From The Seattle Times
By Charlotte Ryan
Bloomberg
Airbus said its decades-old competition with Boeing is back on in earnest as the removal of coronavirus curbs revives international travel and unleashes a spate of jetliner order contests.
The European firm said Thursday that the traditionally fierce rivalry has resumed as Boeing emerges from a two-year slump triggered by the grounding of its best-selling 737 Max. At the same time, it signaled a new challenge with the launch of a freighter designed to erode the U.S. group’s lead in air cargo.
“We see our competitor very willing to win campaigns, to ramp up production again,” CEO Guillaume Faury told Bloomberg Television. “At Airbus we enjoy that competition and we always try to bring the right products and services to our customers.”
Airbus lifted its guidance for full-year earnings, cash flow and aircraft deliveries, a day after Boeing posted its first profit in almost two years. The figures confirm a strengthening aerospace recovery that’s set to gather further momentum with sales campaigns at Air France-KLM’s Dutch arm and U.K. discounter Jet2, both of them usually loyal Boeing customers.
The new freighter, a version of the A350 passenger jet, is expected to enter service in 2025, Faury said on a media call, after the board granted approval for the project. The plane will be based mostly on the largest -1000 variant, and will have a payload of more than 90 metric tons.
The company gets “closer every day” to lining up launch customers, the CEO said. Boeing is meanwhile also eyeing a freighter launch, with CEO Dave Calhoun saying Wednesday his company hopes to launch a cargo version of the coming 777X “in the relatively near term.”
The improving outlook comes amid a travel reopening that’s gathering pace in some key markets.
Domestic Chinese and U.S. demand has led the comeback, the European Union has removed barriers to internal flights, and the U.K. this week announced that it will allow American and EU visitors who have been fully vaccinated to enter without self-isolating.

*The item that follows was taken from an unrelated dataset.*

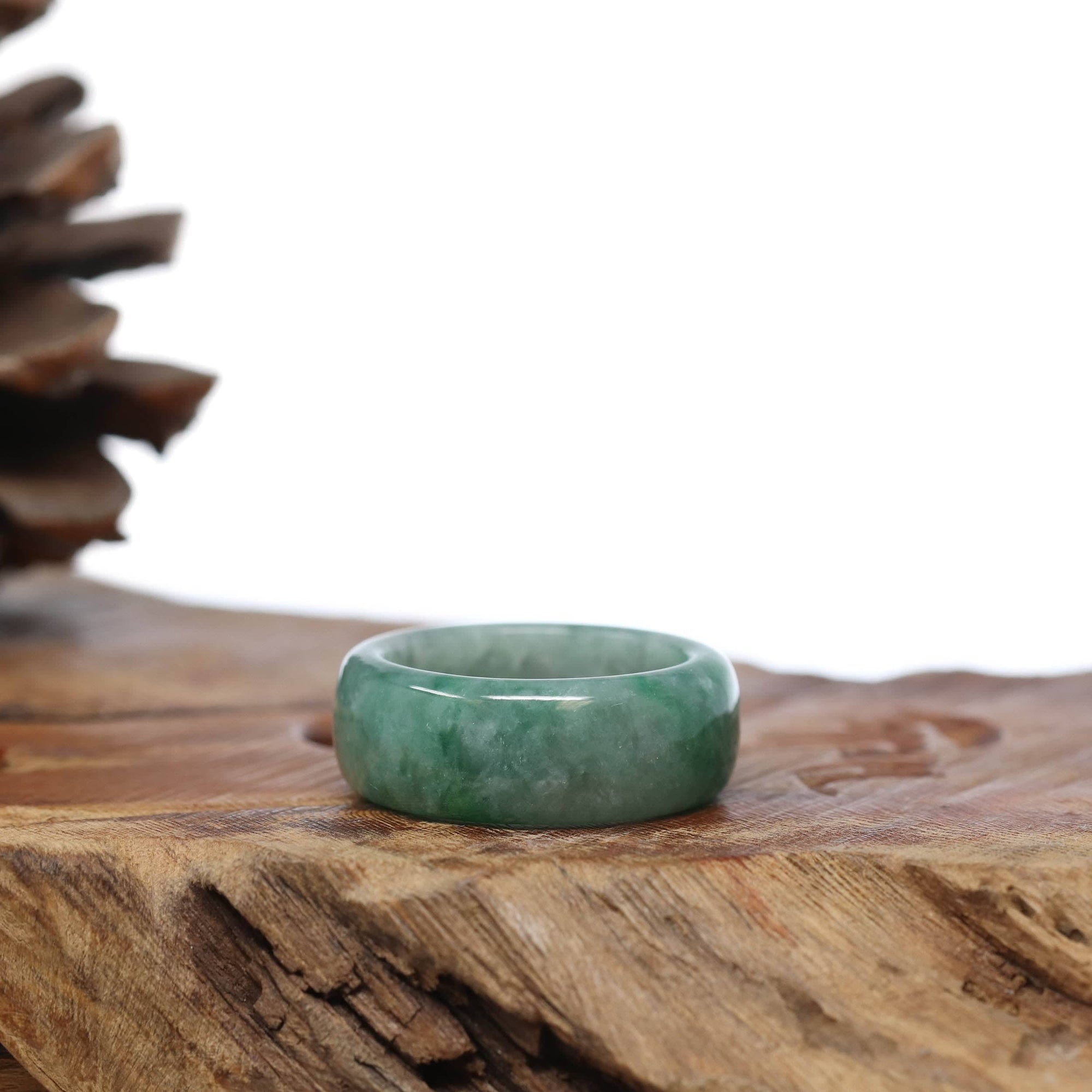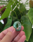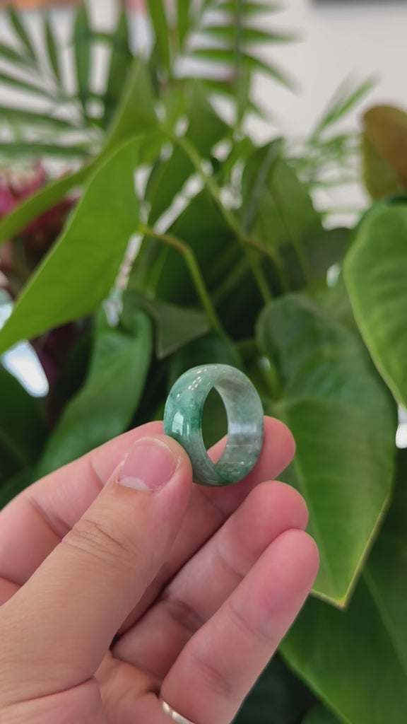 * DETAILS--- This ring is made with very high-quality genuine Burmese green jadeite jade. The jade texture is smooth, clean, and translucent. The dark forest green color with WuJi (乌鸡) "black chicken", a blackish grey tone, make for a unique and eye-catching combination. Known for its durability, jadeite is also believed to bring good luck. This ring makes a thoughtful and meaningful gift for yourself or someone special.

While other holdouts including Canada and Singapore are easing restrictions, long-distance routes that join continents are still restricted, holding back demand for bigger, more expensive wide-body aircraft.
Airbus expects to hand over 600 jets this year, up from as few as 566, helping to lift adjusted operating profit to 4 billion euros ($4.7 billion) — double the previous target — and generating 2.7 billion euros in free cash flow.
Boeing is also emerging strongly from the pandemic after it beat earnings and cash-burn estimates and Calhoun halted job cuts well short of the 20% originally planned.
Airbus announced a deal from German airline Condor for seven A330neos while detailing first-half earnings that beat estimates. Boeing last month scooped the lion’s share of a mammoth 270-jet order from United Airlines.
The KLM requirement for 160 aircraft will be a key battleground since sister carrier Air France is one of Airbus’s biggest customers.
Faury said Thursday that the company is having “very dynamic discussions” on potential orders and sees activity picking up toward the end of the year.
Still, both plane-makers will be dependent on key equipment manufacturers keeping pace with ramp-up plans, which at Airbus could reach 64 narrow-body jets a month by early 2023 and 75 by 2025.
Engine-maker Safran said Wednesday it expects a “small step up” in deliveries this year and questioned whether demand will support build rates above 60 a month.